§ What you will do
Pictures excluded, copy word for word the lines from the one holding "Cute Blush Pink" through the last line below.
===
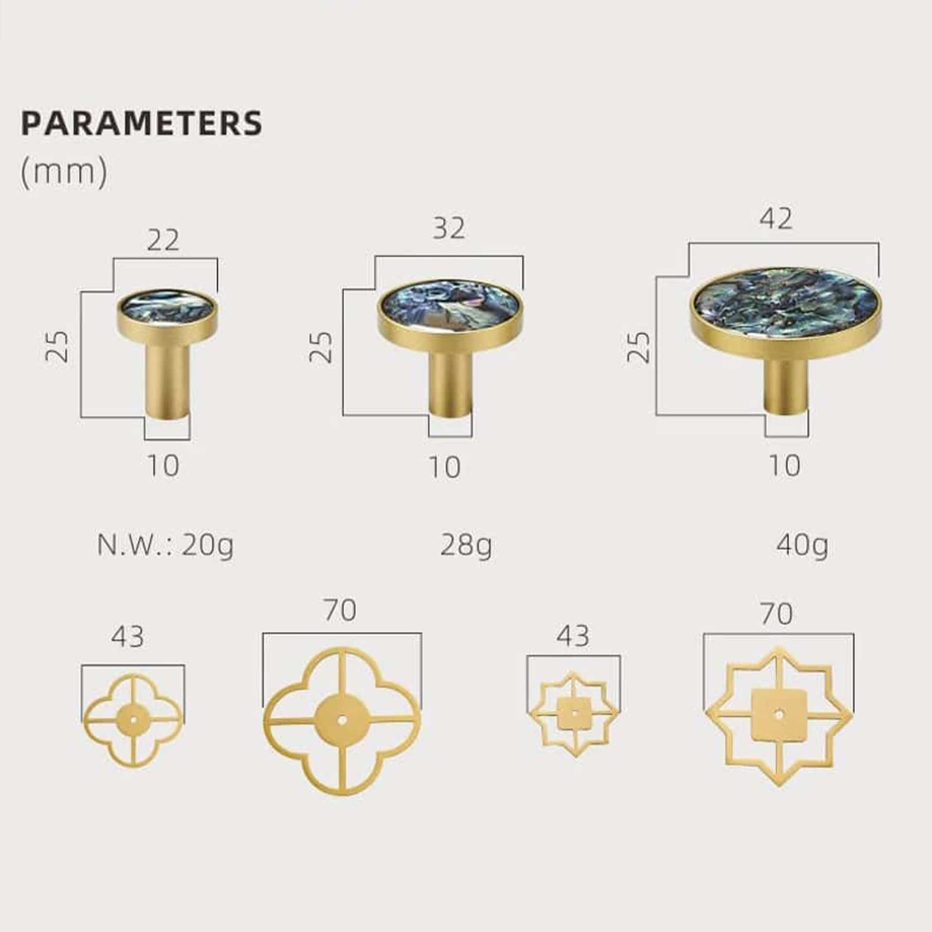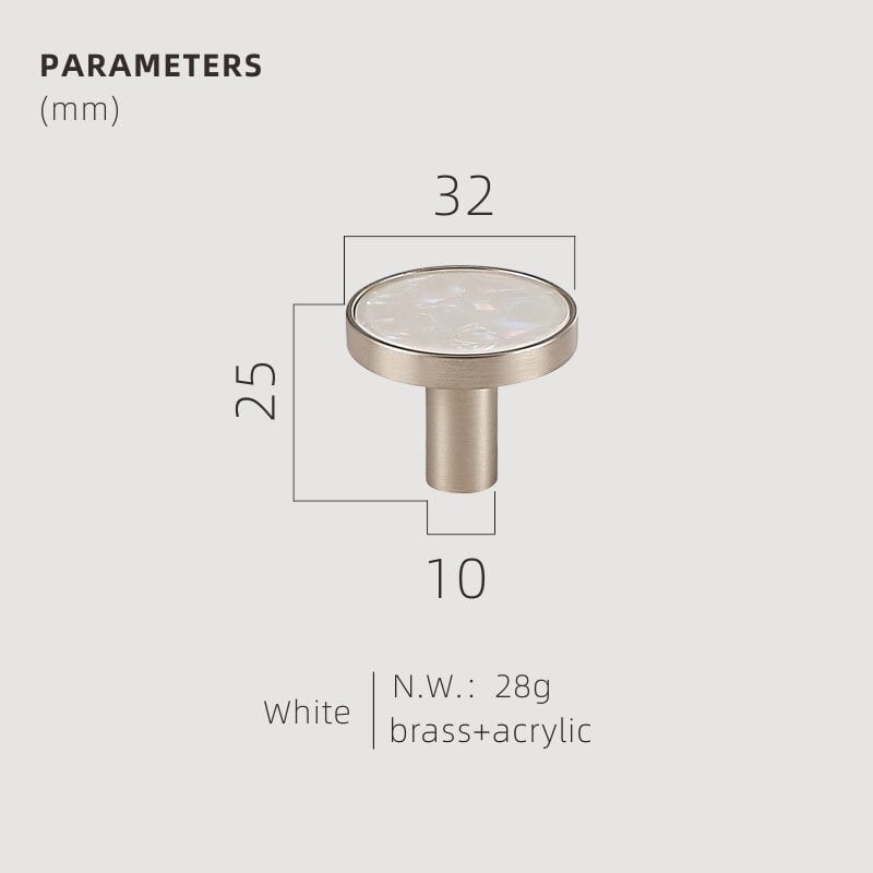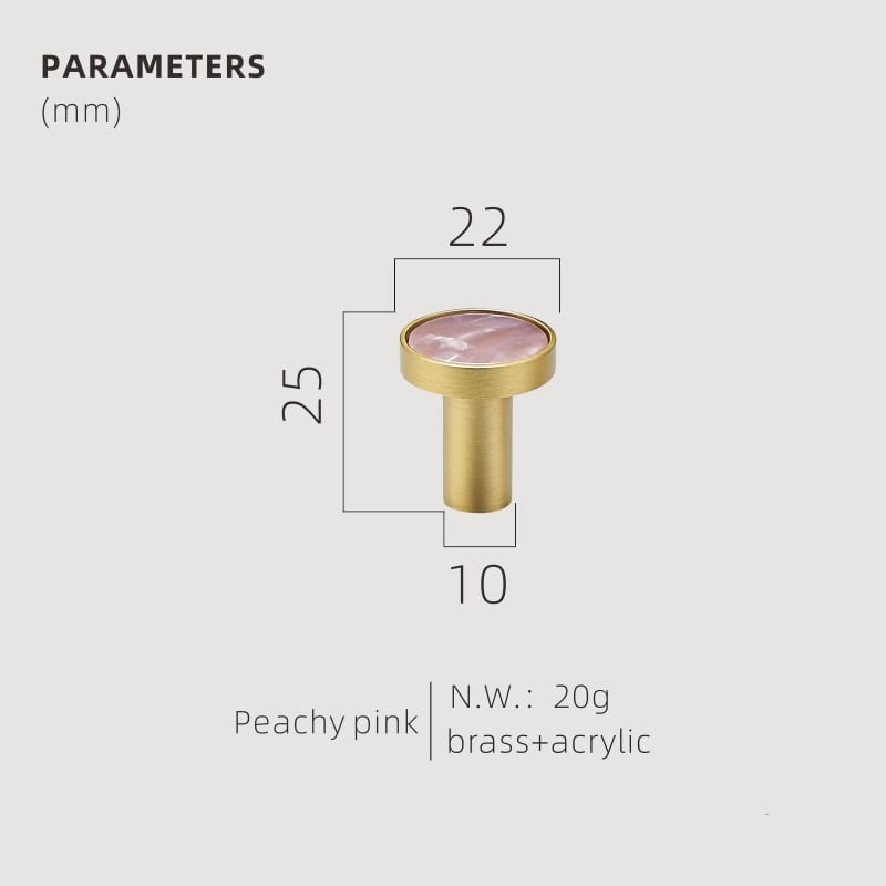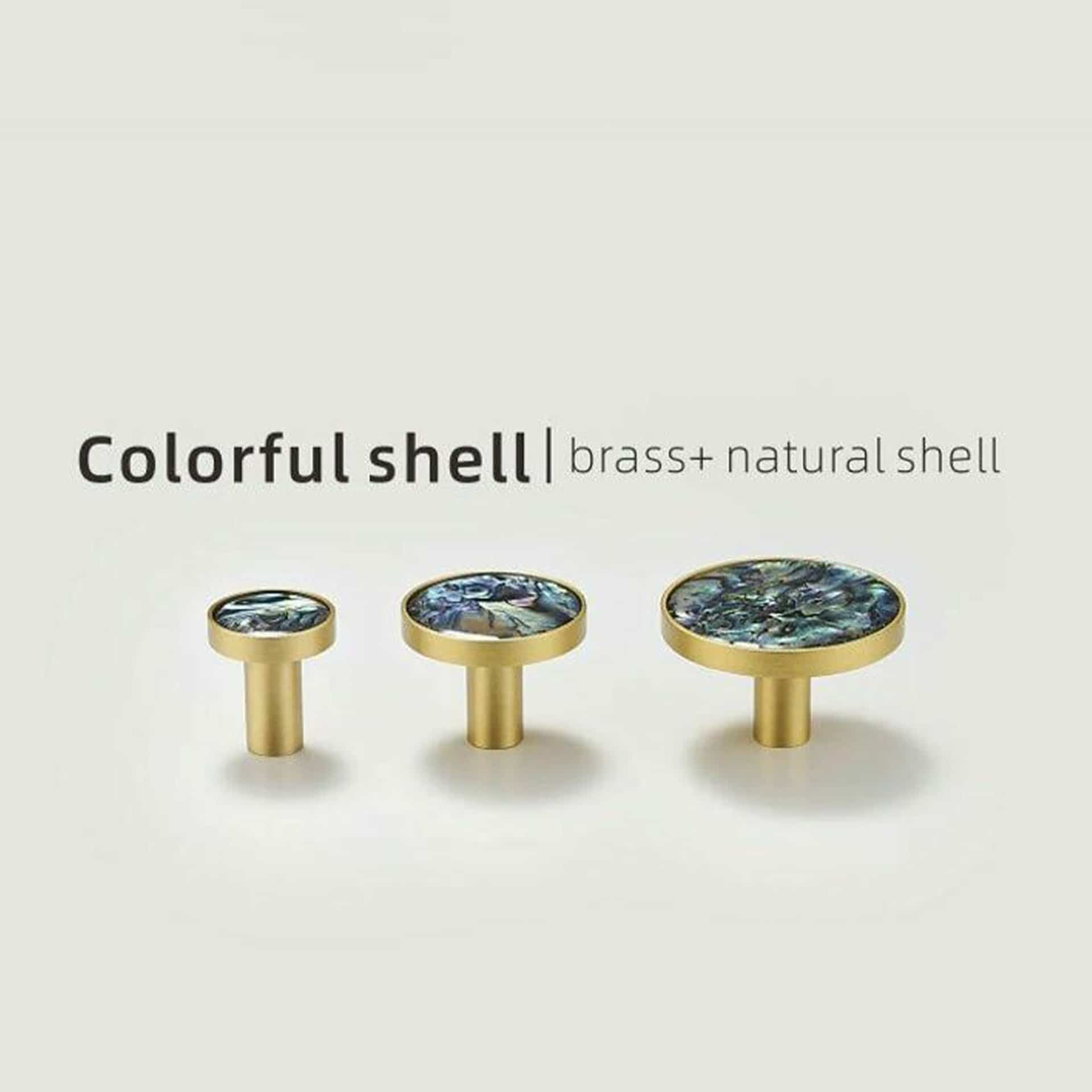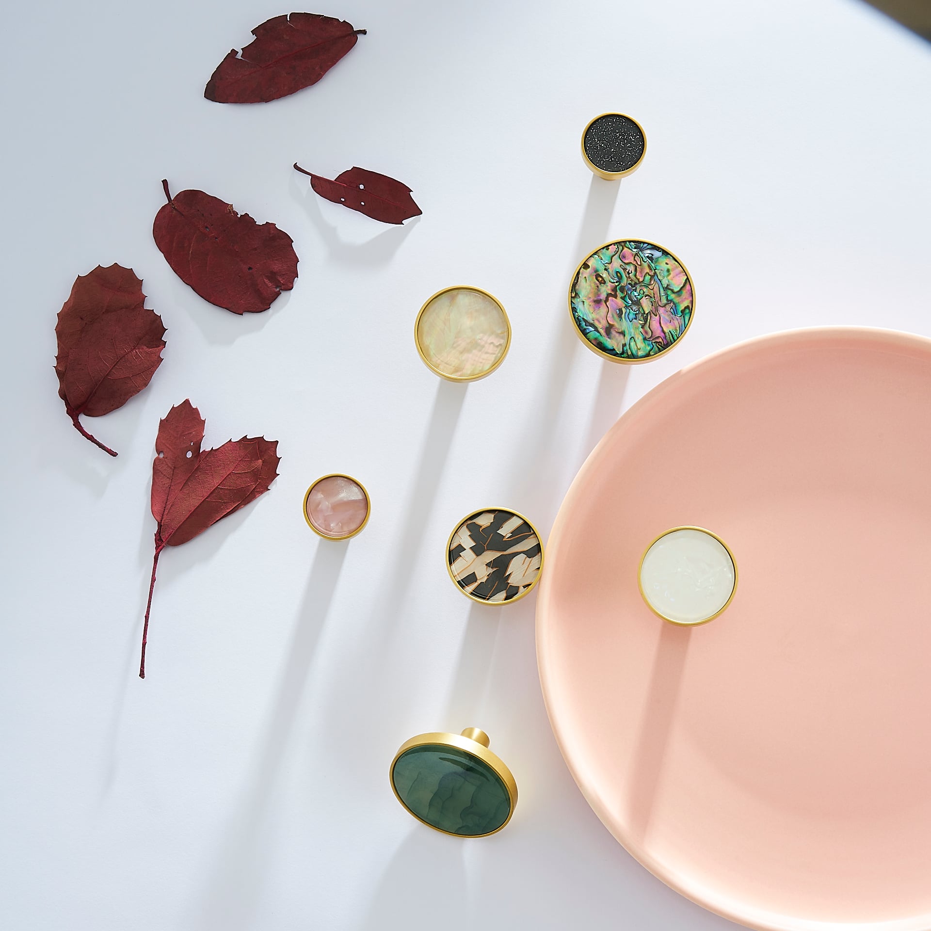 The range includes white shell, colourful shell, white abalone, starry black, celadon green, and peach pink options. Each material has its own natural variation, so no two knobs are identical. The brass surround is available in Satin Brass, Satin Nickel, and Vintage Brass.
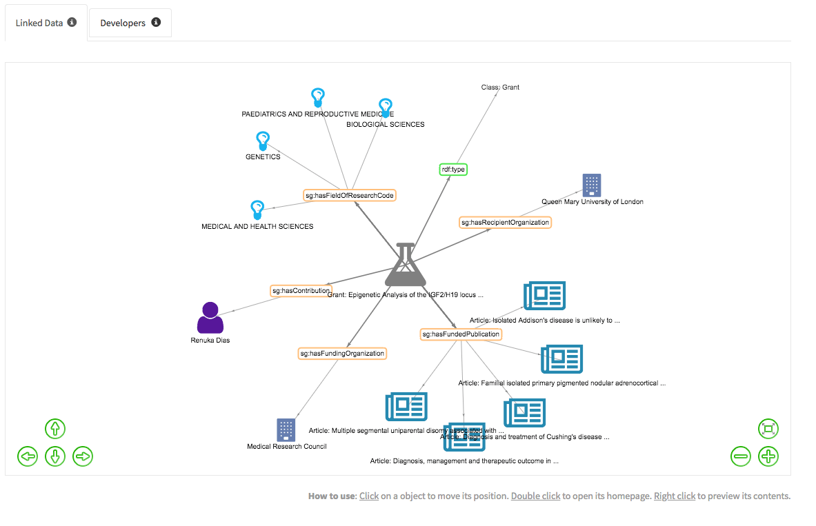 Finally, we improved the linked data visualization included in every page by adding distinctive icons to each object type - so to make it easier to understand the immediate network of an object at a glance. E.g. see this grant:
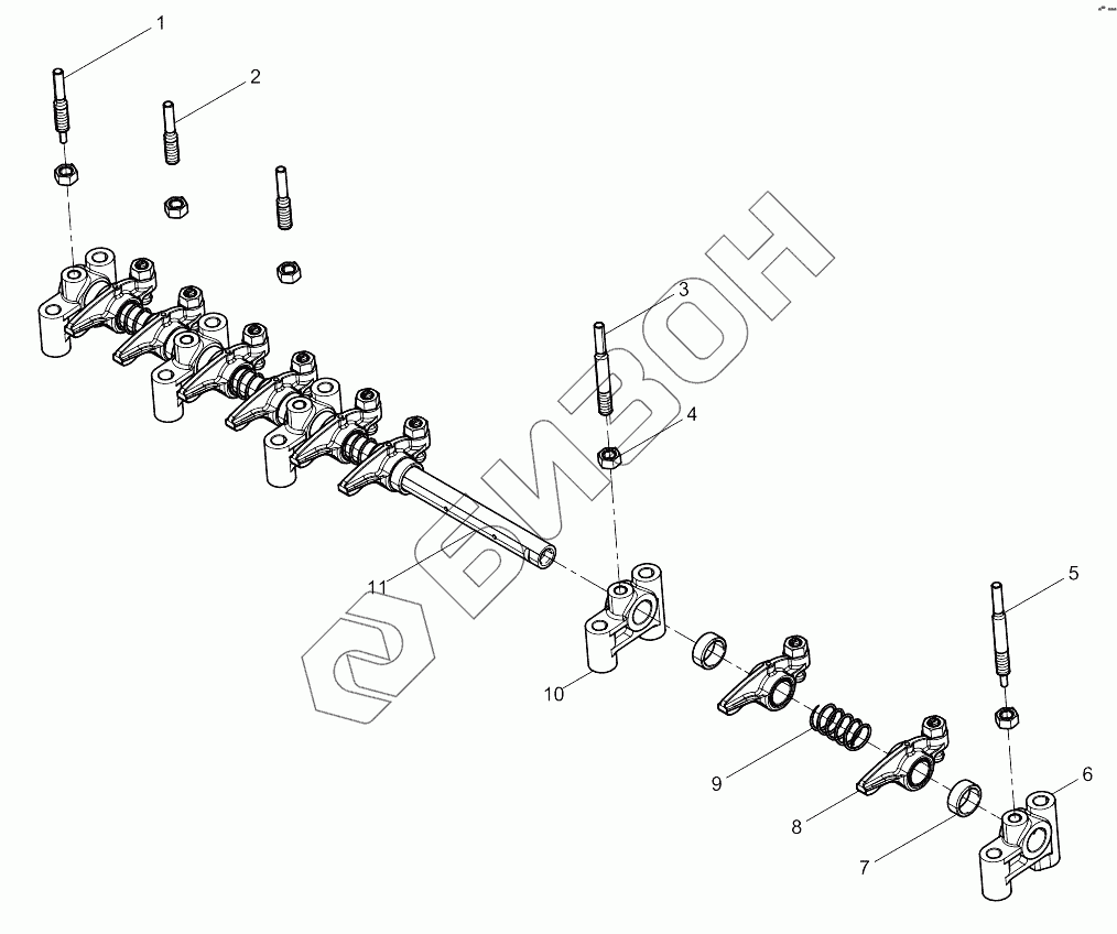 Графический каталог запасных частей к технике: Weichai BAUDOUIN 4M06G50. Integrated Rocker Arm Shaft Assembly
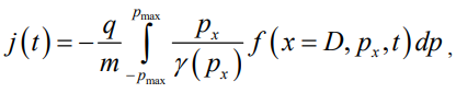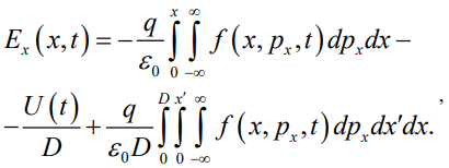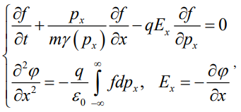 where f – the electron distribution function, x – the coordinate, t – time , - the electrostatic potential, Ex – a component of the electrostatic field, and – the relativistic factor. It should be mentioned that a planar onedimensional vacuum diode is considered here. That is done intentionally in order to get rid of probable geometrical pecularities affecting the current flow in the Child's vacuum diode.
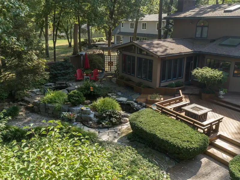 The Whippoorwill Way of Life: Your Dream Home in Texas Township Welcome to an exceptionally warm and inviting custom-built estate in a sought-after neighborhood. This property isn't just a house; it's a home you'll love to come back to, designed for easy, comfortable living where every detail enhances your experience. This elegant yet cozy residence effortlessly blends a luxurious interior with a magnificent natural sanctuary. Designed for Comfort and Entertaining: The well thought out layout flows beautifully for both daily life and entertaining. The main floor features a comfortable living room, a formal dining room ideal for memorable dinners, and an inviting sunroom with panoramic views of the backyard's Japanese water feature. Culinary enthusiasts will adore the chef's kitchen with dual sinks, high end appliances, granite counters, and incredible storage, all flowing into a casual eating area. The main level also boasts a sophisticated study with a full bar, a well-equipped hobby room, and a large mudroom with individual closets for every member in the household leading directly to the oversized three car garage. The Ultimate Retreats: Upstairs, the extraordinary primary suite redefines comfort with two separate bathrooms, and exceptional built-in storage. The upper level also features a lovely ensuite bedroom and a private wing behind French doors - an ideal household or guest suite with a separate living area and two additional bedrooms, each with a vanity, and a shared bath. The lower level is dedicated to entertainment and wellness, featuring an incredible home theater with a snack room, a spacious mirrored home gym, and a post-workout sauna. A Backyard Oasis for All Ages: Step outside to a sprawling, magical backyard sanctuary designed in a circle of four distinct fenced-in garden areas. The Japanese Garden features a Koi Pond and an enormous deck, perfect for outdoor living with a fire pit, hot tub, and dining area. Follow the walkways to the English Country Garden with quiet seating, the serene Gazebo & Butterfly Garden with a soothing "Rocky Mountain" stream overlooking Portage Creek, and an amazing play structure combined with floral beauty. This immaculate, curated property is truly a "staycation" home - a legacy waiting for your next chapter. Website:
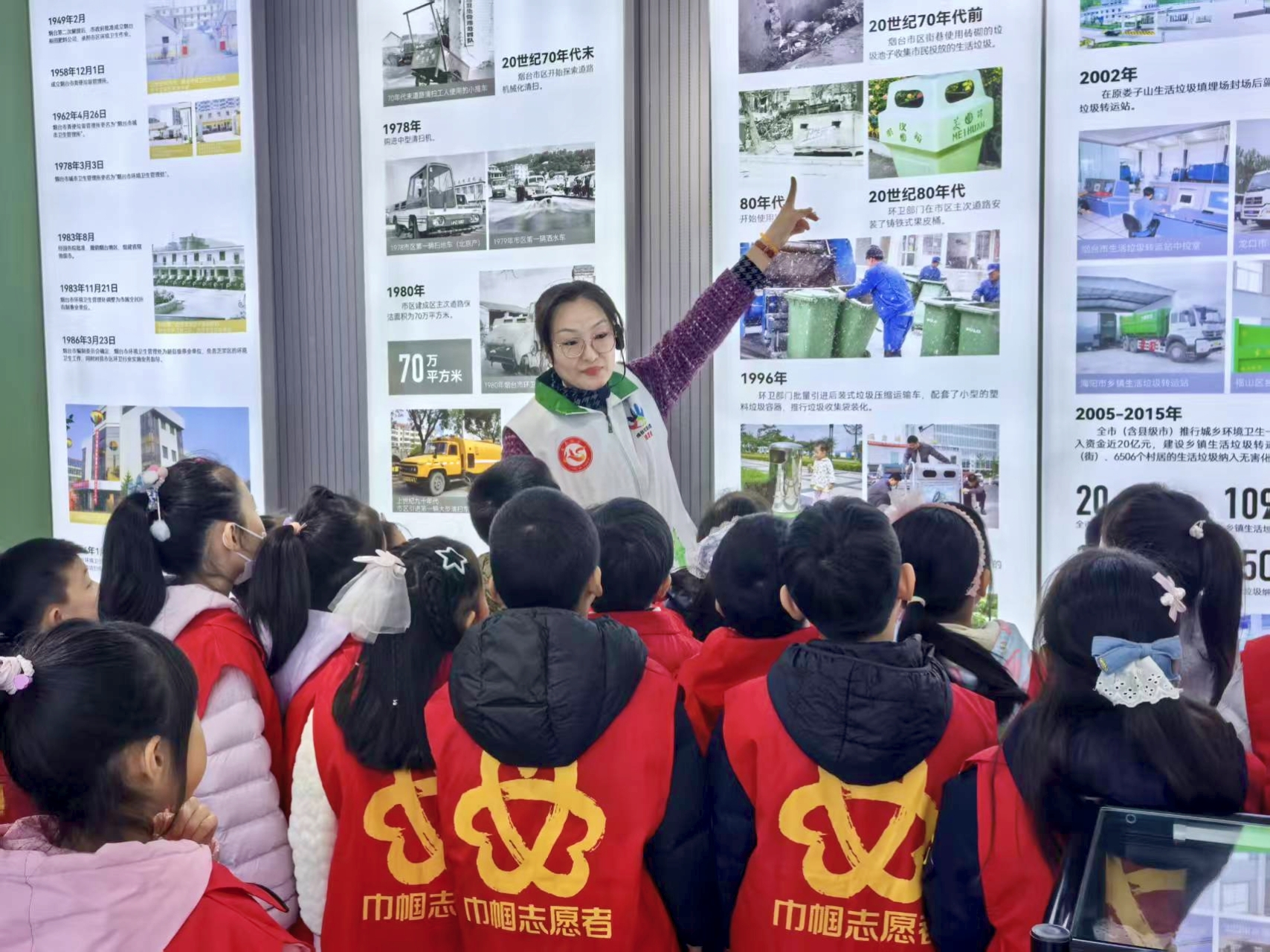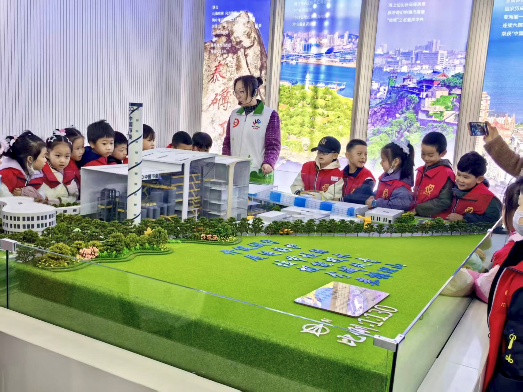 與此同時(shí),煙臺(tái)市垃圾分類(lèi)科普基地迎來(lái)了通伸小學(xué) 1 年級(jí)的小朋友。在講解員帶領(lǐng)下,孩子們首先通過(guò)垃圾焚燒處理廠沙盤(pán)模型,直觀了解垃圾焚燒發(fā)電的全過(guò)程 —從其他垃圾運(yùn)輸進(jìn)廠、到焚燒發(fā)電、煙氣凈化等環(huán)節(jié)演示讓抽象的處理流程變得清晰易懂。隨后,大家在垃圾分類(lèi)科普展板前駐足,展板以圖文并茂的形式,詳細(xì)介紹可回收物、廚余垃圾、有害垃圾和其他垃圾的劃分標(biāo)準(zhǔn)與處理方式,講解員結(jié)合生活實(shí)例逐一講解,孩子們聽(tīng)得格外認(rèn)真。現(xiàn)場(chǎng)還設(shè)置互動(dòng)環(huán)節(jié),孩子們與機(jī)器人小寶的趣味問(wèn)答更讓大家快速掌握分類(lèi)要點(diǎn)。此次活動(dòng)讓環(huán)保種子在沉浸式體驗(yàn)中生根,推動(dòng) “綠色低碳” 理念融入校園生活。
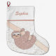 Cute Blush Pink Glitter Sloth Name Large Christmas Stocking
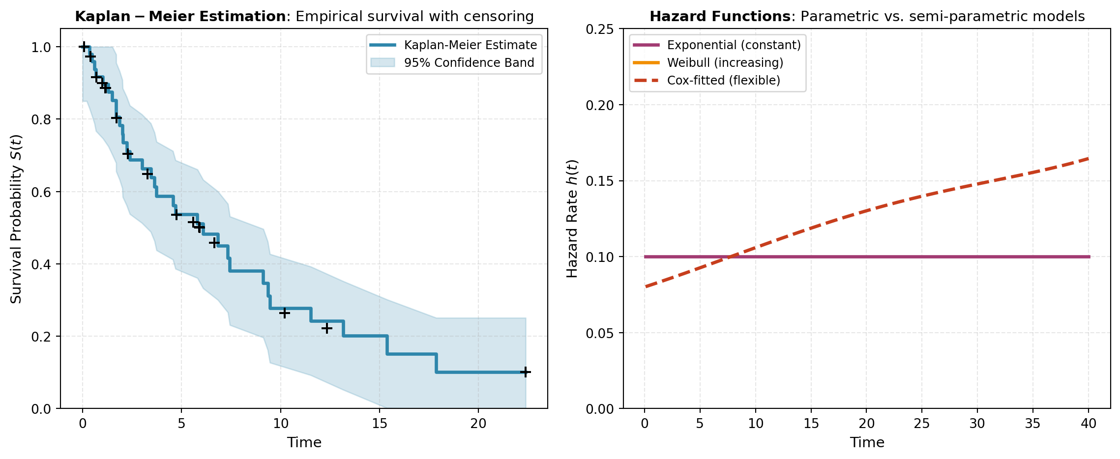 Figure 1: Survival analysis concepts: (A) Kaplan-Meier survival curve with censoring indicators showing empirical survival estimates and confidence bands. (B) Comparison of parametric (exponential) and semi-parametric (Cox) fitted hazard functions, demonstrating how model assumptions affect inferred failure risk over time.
===
§ Answer box
 Cute Blush Pink Glitter Sloth Name Large Christmas Stocking
 Figure 1: Survival analysis concepts: (A) Kaplan-Meier survival curve with censoring indicators showing empirical survival estimates and confidence bands. (B) Comparison of parametric (exponential) and semi-parametric (Cox) fitted hazard functions, demonstrating how model assumptions affect inferred failure risk over time.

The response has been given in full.